Data listing:
-------------------------

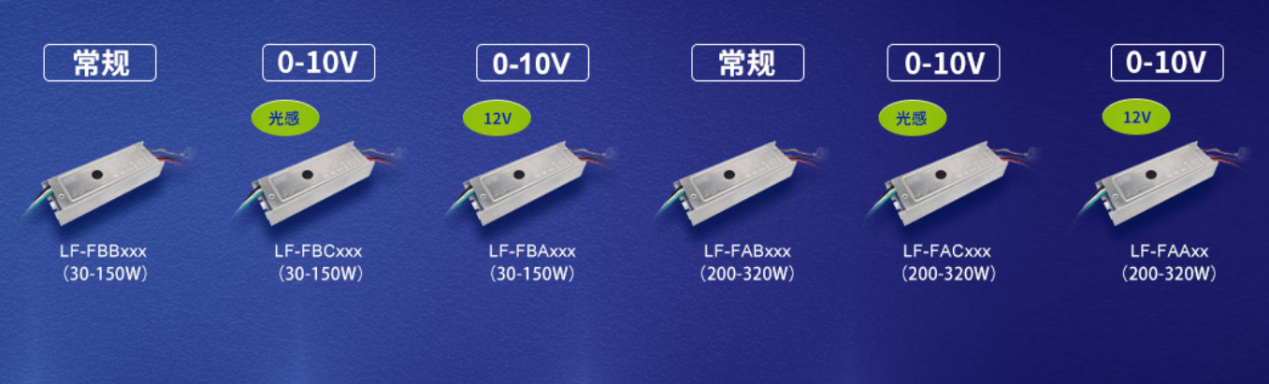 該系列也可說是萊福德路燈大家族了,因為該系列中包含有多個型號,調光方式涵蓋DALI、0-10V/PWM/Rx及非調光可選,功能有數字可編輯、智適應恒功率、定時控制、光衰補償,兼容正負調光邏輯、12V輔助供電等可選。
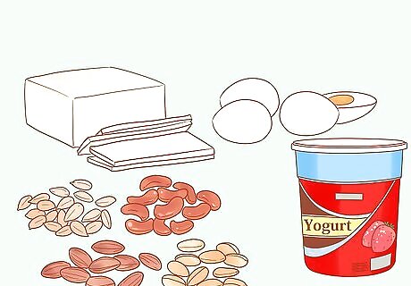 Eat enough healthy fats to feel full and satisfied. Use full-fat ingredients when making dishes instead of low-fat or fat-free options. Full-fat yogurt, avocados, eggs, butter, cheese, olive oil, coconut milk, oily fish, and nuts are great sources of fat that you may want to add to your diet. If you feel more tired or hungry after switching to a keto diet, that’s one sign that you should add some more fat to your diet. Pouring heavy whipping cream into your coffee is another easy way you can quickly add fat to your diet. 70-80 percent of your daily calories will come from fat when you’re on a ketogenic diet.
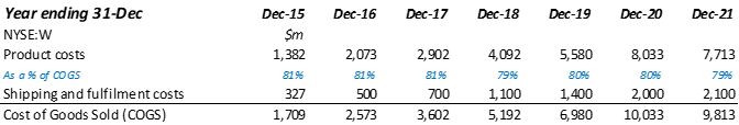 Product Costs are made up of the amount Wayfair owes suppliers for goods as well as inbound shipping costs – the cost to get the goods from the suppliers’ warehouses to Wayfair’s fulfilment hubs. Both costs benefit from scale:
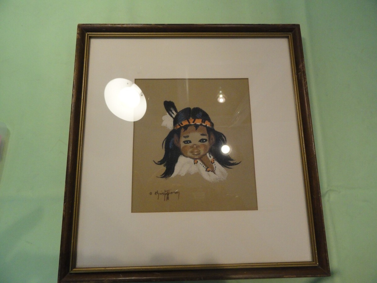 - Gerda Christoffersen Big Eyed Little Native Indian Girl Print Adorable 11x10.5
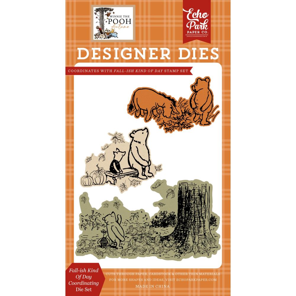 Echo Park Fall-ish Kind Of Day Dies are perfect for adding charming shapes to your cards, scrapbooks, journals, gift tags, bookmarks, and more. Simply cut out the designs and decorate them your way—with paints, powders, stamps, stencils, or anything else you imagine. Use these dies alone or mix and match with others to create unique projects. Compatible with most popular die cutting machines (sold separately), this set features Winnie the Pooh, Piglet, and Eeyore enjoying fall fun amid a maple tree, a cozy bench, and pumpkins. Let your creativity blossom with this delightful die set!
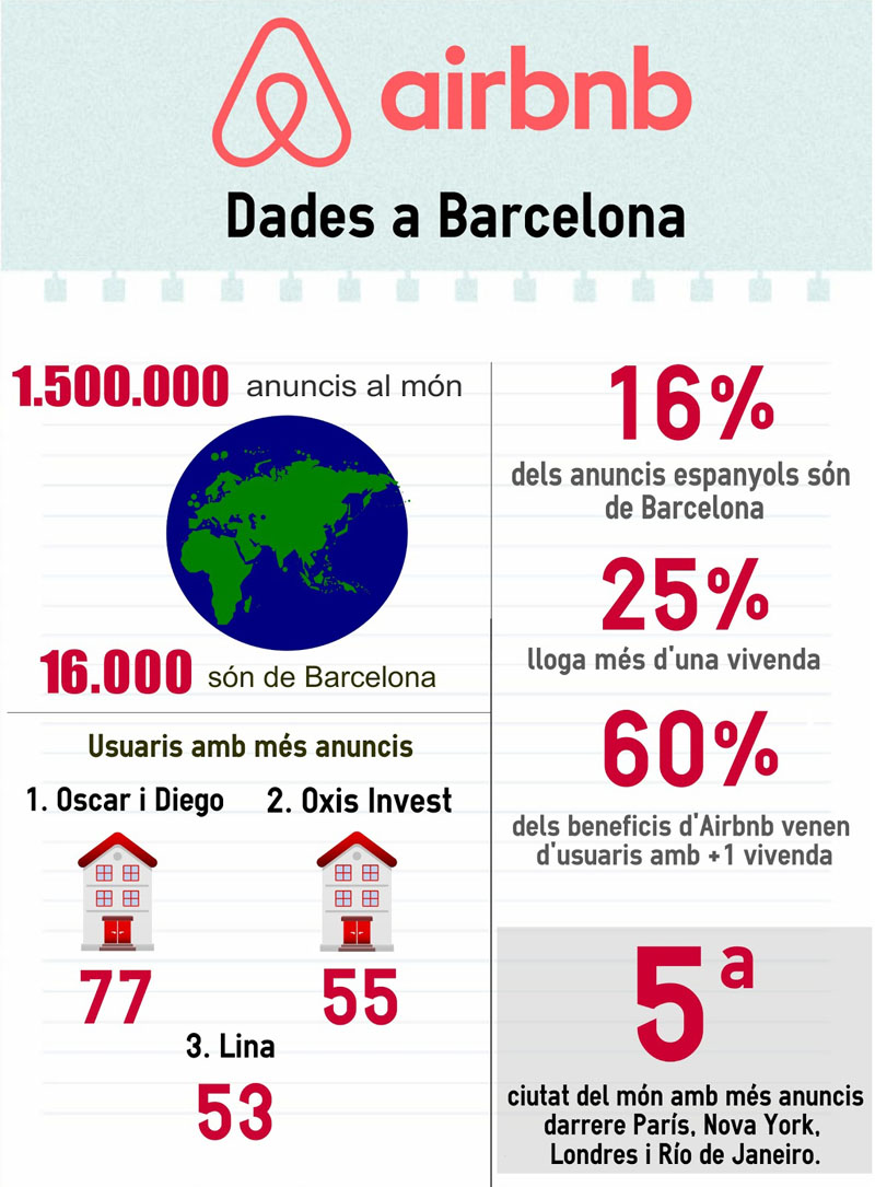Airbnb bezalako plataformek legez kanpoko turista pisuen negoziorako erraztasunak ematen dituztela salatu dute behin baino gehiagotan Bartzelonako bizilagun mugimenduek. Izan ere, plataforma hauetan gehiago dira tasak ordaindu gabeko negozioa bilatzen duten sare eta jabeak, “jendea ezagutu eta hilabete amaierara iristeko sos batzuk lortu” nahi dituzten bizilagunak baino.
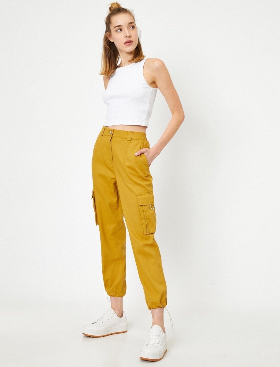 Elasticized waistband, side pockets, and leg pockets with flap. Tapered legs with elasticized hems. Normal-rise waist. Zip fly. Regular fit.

-------------------------

Assignment: Print all data above verbatim, except pictures.

Problem solution:
 該系列也可說是萊福德路燈大家族了,因為該系列中包含有多個型號,調光方式涵蓋DALI、0-10V/PWM/Rx及非調光可選,功能有數字可編輯、智適應恒功率、定時控制、光衰補償,兼容正負調光邏輯、12V輔助供電等可選。
 Eat enough healthy fats to feel full and satisfied. Use full-fat ingredients when making dishes instead of low-fat or fat-free options. Full-fat yogurt, avocados, eggs, butter, cheese, olive oil, coconut milk, oily fish, and nuts are great sources of fat that you may want to add to your diet. If you feel more tired or hungry after switching to a keto diet, that’s one sign that you should add some more fat to your diet. Pouring heavy whipping cream into your coffee is another easy way you can quickly add fat to your diet. 70-80 percent of your daily calories will come from fat when you’re on a ketogenic diet.
 Product Costs are made up of the amount Wayfair owes suppliers for goods as well as inbound shipping costs – the cost to get the goods from the suppliers’ warehouses to Wayfair’s fulfilment hubs. Both costs benefit from scale:
 - Gerda Christoffersen Big Eyed Little Native Indian Girl Print Adorable 11x10.5
 Echo Park Fall-ish Kind Of Day Dies are perfect for adding charming shapes to your cards, scrapbooks, journals, gift tags, bookmarks, and more. Simply cut out the designs and decorate them your way—with paints, powders, stamps, stencils, or anything else you imagine. Use these dies alone or mix and match with others to create unique projects. Compatible with most popular die cutting machines (sold separately), this set features Winnie the Pooh, Piglet, and Eeyore enjoying fall fun amid a maple tree, a cozy bench, and pumpkins. Let your creativity blossom with this delightful die set!
Airbnb bezalako plataformek legez kanpoko turista pisuen negoziorako erraztasunak ematen dituztela salatu dute behin baino gehiagotan Bartzelonako bizilagun mugimenduek. Izan ere, plataforma hauetan gehiago dira tasak ordaindu gabeko negozioa bilatzen duten sare eta jabeak, “jendea ezagutu eta hilabete amaierara iristeko sos batzuk lortu” nahi dituzten bizilagunak baino.
 Elasticized waistband, side pockets, and leg pockets with flap. Tapered legs with elasticized hems. Normal-rise waist. Zip fly. Regular fit.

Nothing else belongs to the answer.